Giugliano: cittadini infuriati per aumenti Tares. Bloccato il Comune e il Corso Campano

Giugliano: cittadini infuriati per aumenti Tares. Bloccato il Comune e il Corso Campano

Una delegazione dei comitati presenti  e di cittadini sono stati poi ricevuti dalla Commissione Straordinaria ed hanno esposto le loro proposte GIUGLIANO


proteste manifestazioni

Una delegazione dei comitati presenti  e di cittadini sono stati poi ricevuti dalla Commissione Straordinaria ed hanno esposto le loro proposte

GIUGLIANO – Cittadini e attivisti bloccano l’entrata del Comune e il Corso Campano. La protesta infuria contro l’aumento della Tares deciso dalla commissione prefettizia. Vari gli attivisti che stanno prendendo parte al sit-in: Acqua Bene Comune, Comitato No Inceneritore e i Disoccupati. Le forze dell’ordine stanno attenzionando lo sviluppo della protesta. «Continua a mancare una politica che ci rappresenti» questo è il refrain della piazza.

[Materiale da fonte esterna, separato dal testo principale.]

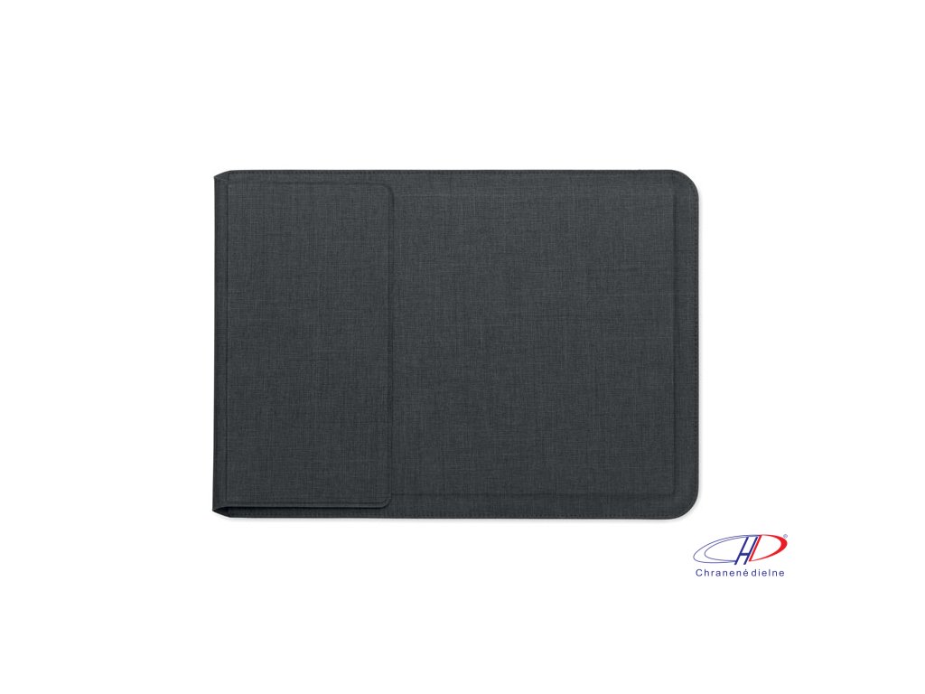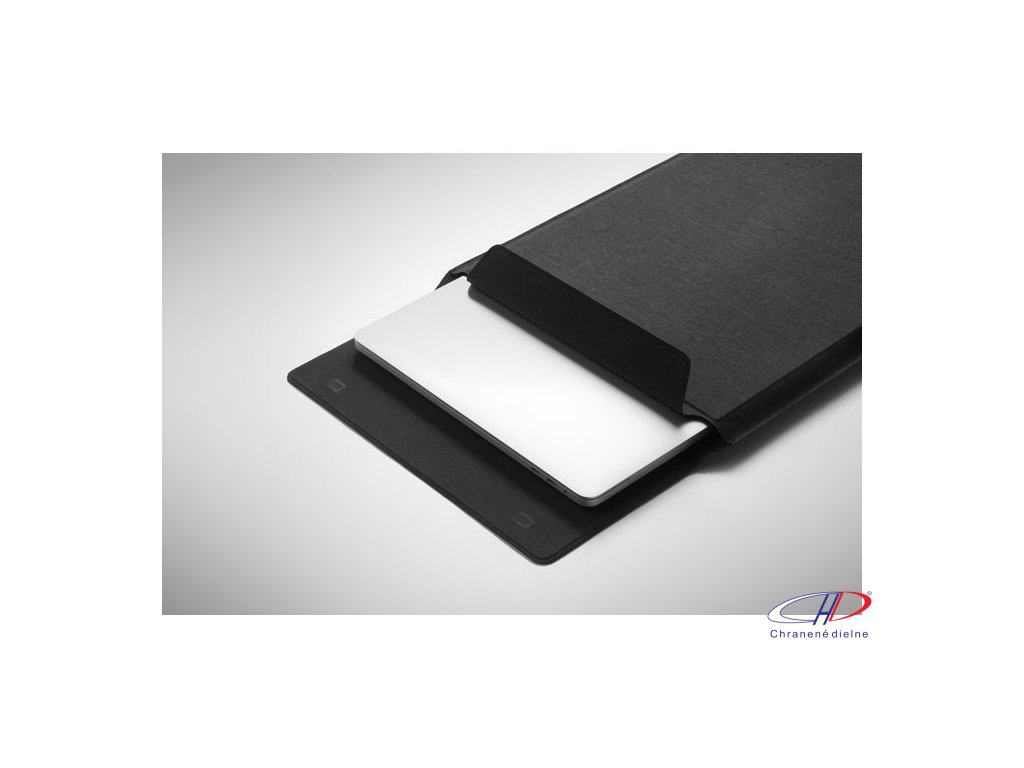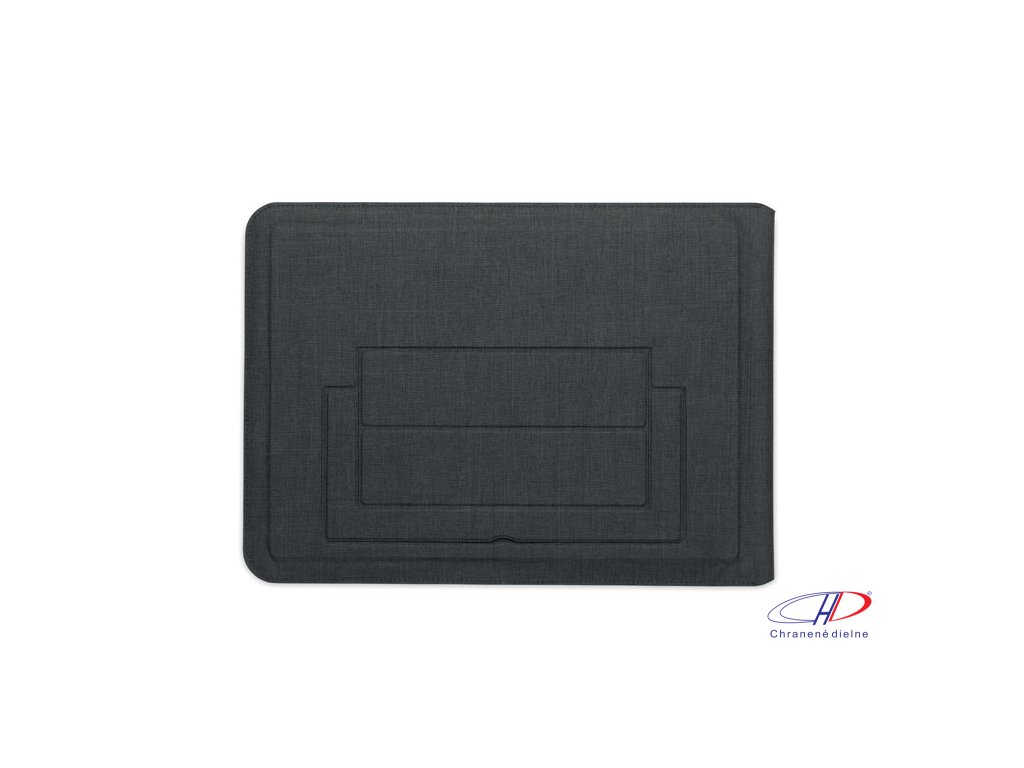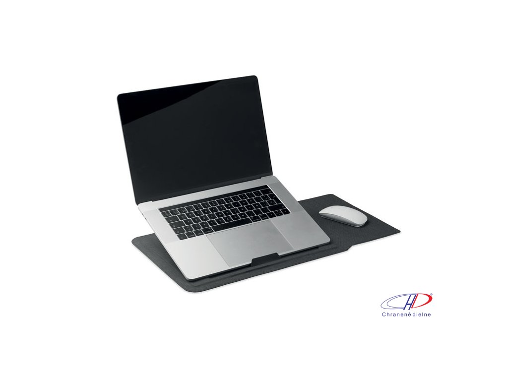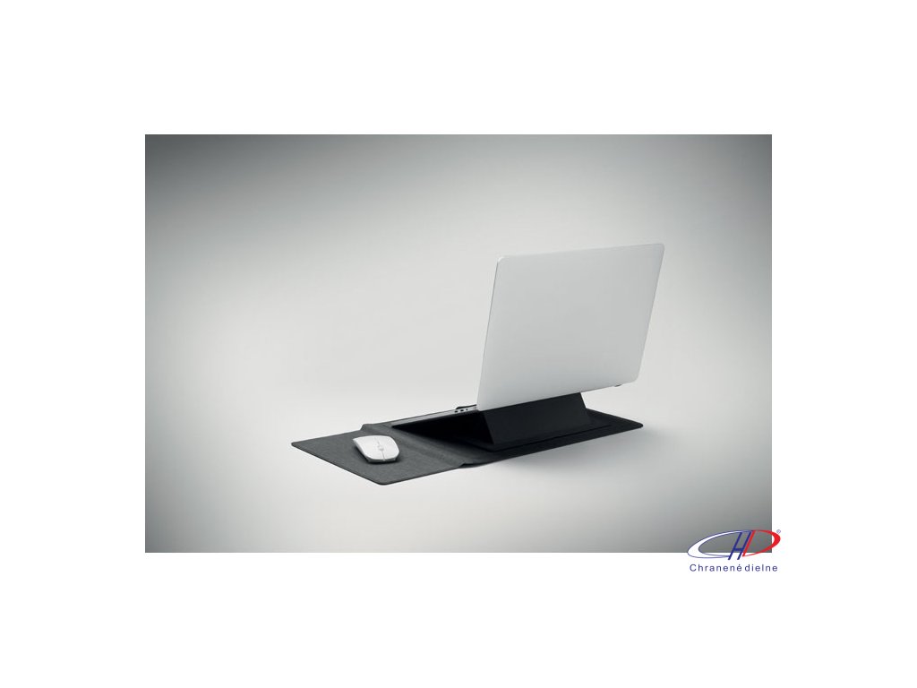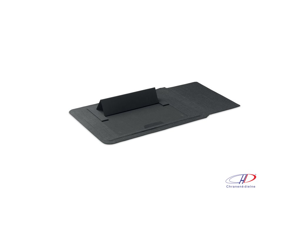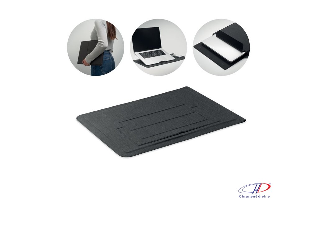 Puzdro na notebook 3v1 z RPET s rozmerom 16 palcov, stojanom na notebook a podložkou pod myš v rozloženom stave.Dodatočné parametre

Una delegazione di manifestanti è stata accolta al secondo piano per discutere mentre uno dei commissari Fabio Giombini, ha chiesto alla cittadinanza di lasciare la Casa Comunale. In questi minuti è in corso un’assemblea pubblica. Emerge dall’umore della folla il sopruso nel pagare tasse alte a fronte di servizi scadenti. Sembra che la commissione straordinaria non abbia applicato le diminuzioni previste per alcune categorie sociali come anziani e disabili. Il comitato attende di essere ricevuto dai prefettizi mentre aumenta l’insofferenza di quanti sono stati bloccati da ore nel traffico cittadino.

AGGIORNAMENTO: La delegazione dei  comitati presenti  e di cittadini sono stati poi ricevuti dalla Commissione Straordinaria ed hanno esposto le loro proposte sulla TARES: sospensione della prima rata e rimodulazione sulla media nazionale ed in base al reddito.

I Commissari hanno ritenuto inammissibili le proposte presentate. Previsto però un altro incontro tra i manifestanti ed i vertici dell’amministrazione giuglianese. Intanto è stata convocata una nuova mobilitazione per venerdì 3 gennaio alle ore 10 al Comune.